Команда интенсивно прыгала. Определились лидеры и бесперспективные ребята, забирающие лётное время, но не улучшающие результатов. Первым был отчислен из команды Ваня Савушкин.

Вместо выбывшего капитана Арабина прислали старшего лейтенанта Трофимова. Он имел немного прыжков, но, будучи неглупым человеком сумел удержать расстояние между командой и собой, но в спортивном отношении полностью подчинялся Отяну. Это всех устраивало и хотя иногда возникали у некоторых ребят вспышки недовольства требованиями Трофимова, но они улаживались вмешательством других членов команды.

Трофимов не имел семьи и пока находились в Хомяково почти всё время жил с командой, но в комнате, отведённой для офицеров. Позже он, полностью доверяя Оршанскому и Отяну, жил отдельно.

В Хомяково команда приехала со своим поваром. Дело в том, что их перевели питаться по лётной норме, и продуктов повару дали столько, что он даже вынужден часть круп и передать отрядному повару, так как ребята всего съесть не могли.

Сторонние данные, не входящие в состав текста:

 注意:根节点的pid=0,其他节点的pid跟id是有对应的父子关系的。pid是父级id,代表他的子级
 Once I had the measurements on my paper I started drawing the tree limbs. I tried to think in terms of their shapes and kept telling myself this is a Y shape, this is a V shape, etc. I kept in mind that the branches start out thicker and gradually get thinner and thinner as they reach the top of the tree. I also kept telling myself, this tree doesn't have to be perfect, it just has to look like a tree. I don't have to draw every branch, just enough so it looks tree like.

Вокруг была прекрасная Среднерусская природа. В мае поляны в лесу представляли собой сплошной ковёр из ландышей. Их нежная красота очаровывала, а запах дурманил. Отян любил один уходить в лес, где предавался воспоминаниями. Его Эмма любила запах цветов. Любой цветок она нюхала и ахала. Она выросла на Урале, любила природу и сумела привить эту любовь и Анатолию. Когда он демобилизовался из армии и через некоторое время имел служебную машину, то возвращаясь весной из командировок, рвал в лесу подснежники и привозил их на швейную фабрику, где работала Эмма, вызывал её на проходную, где и вручал этот букетик на зависть многим молодым и не очень женщинам.

Даже через много лет ему Эммины сотрудницы говорили об этих подснежниках.

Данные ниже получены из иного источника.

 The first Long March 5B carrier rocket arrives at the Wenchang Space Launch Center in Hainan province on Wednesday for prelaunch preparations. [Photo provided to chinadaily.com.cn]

В одно из воскресений, когда все ребята ушли в Хомяково на танцы под гармошку, Отян сидел в одиночестве, и такая тоска его забрала, что хоть вешайся, как говорят на Руси.

Хотелось домой, ничего не было мило, никто не нужен и ничто не нужно. Не отдавая отчёт, что он делает, достал из коробка три спички, зажёг их и приложил к левой руке. Обожённая кожа зашипела, запахло горелым мясом, и боль от ожога вывела его из состояния депрессии. Он засмеялся, назвал себя дураком и с другим настроением пошёл к казарме, и стал наблюдать, как семья скворцов летает за пищей для скворчат, унося из гнезда их помёт и принося им разных червей и букашек. Те высовывали свои головки с жёлтыми уголками возле клювов, открывали рты и требовали еду. Родители прилетали с интервалом две-три минуты и так целый день. Отян с детства любил наблюдать за птицами и любоваться ими. Он даже научился свистеть так, что скворцы и некоторые другие птицы перекликивались с ним.